→ **Stored data**
Start of Block
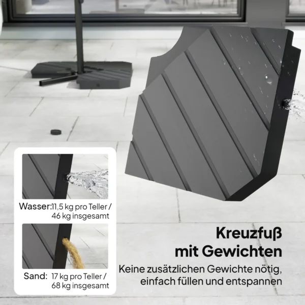 ✔ Een kruisvoet en vier vulbare gewichten zijn inbegrepen voor een complete, stabiele opstelling, ideaal voor je nieuwe parasol
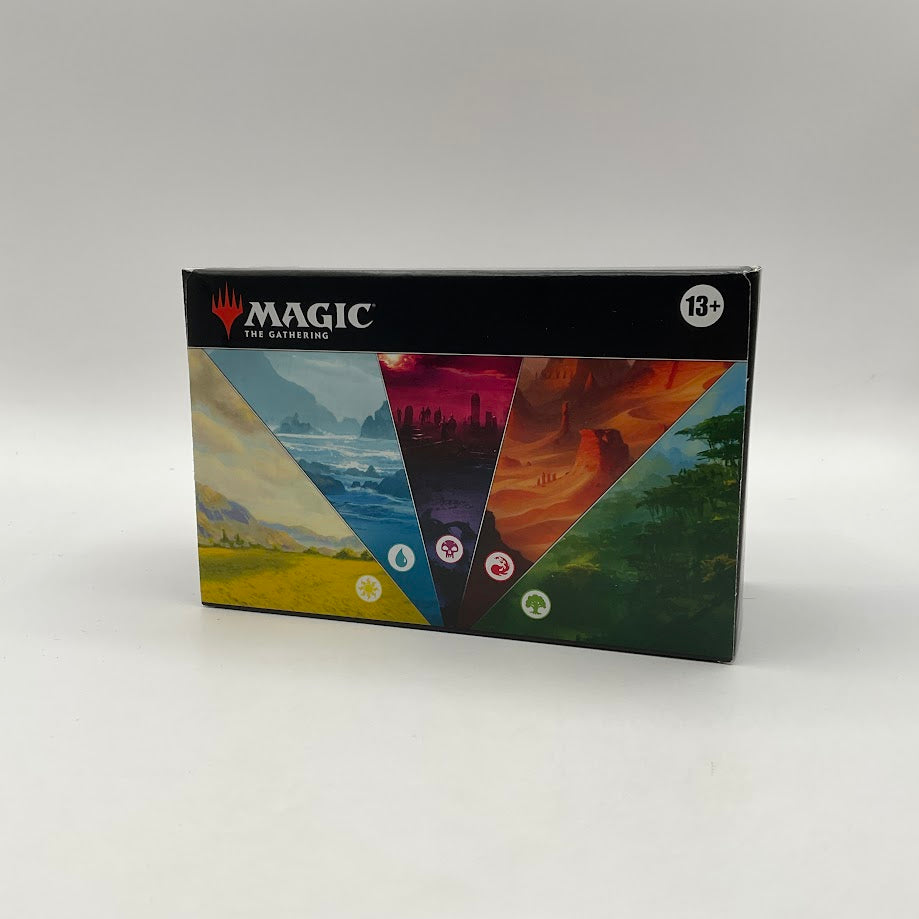 This Land Station contains 400 nonfoil Basic Land cards in a reusable storage box. Each color comes in 3 different card art versions, with all 3 versions included in every box, traveling through the planes of Innistrad, Dominaria, Zendikar, Ixalan, Amonkhet, Theros, Avishkar, and New Phyrexia.
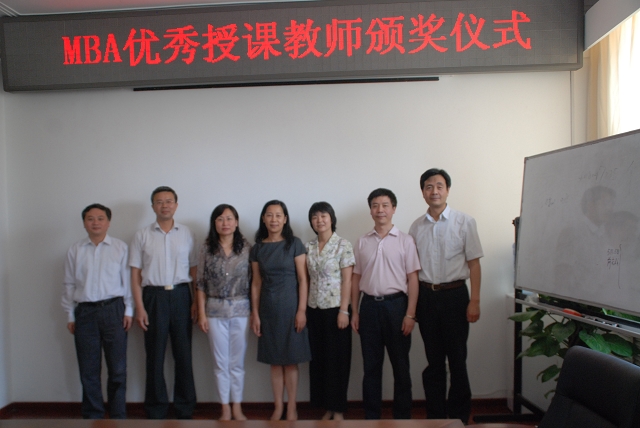 5月26日上午,ob真人竞猜2011年顺江MBA奖教金颁奖仪式在主楼216隆重举行。ob真人竞猜副校长赵平、管理与经济学院院长魏一鸣、书记李金林、MBA教育中心主任周毕文、副主任赵玉焕、副主任佟岩、教学部主管崔红伟老师、获奖教师、MBA学生代表参加了此次颁奖仪式。此次获奖教师有赵平、祝迎新,孙利沿,肖淑芳,杨万荣,是根据学生上学期对任课老师的课程打分评价评选出来的。
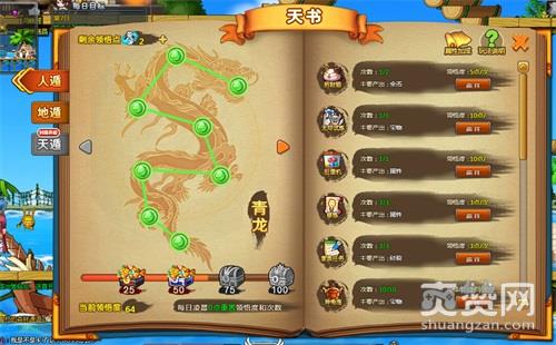 遁甲天书包含:人遁、地遁、天遁,并且按玩家的等级解锁.激活遁甲天书需要消耗领悟点,领悟点通过领取天书活跃度宝箱获得.激活遁甲天书可以获得大量属性,但是遁甲天书需要按顺序激活.激活天书之后,对玩家的战力会有一个很大的提升.
End of Block
Return the whole listing word for word. Pictures stay out of it.

→ **Finished task**
 ✔ Een kruisvoet en vier vulbare gewichten zijn inbegrepen voor een complete, stabiele opstelling, ideaal voor je nieuwe parasol
 This Land Station contains 400 nonfoil Basic Land cards in a reusable storage box. Each color comes in 3 different card art versions, with all 3 versions included in every box, traveling through the planes of Innistrad, Dominaria, Zendikar, Ixalan, Amonkhet, Theros, Avishkar, and New Phyrexia.
 5月26日上午,ob真人竞猜2011年顺江MBA奖教金颁奖仪式在主楼216隆重举行。ob真人竞猜副校长赵平、管理与经济学院院长魏一鸣、书记李金林、MBA教育中心主任周毕文、副主任赵玉焕、副主任佟岩、教学部主管崔红伟老师、获奖教师、MBA学生代表参加了此次颁奖仪式。此次获奖教师有赵平、祝迎新,孙利沿,肖淑芳,杨万荣,是根据学生上学期对任课老师的课程打分评价评选出来的。
 遁甲天书包含:人遁、地遁、天遁,并且按玩家的等级解锁.激活遁甲天书需要消耗领悟点,领悟点通过领取天书活跃度宝箱获得.激活遁甲天书可以获得大量属性,但是遁甲天书需要按顺序激活.激活天书之后,对玩家的战力会有一个很大的提升.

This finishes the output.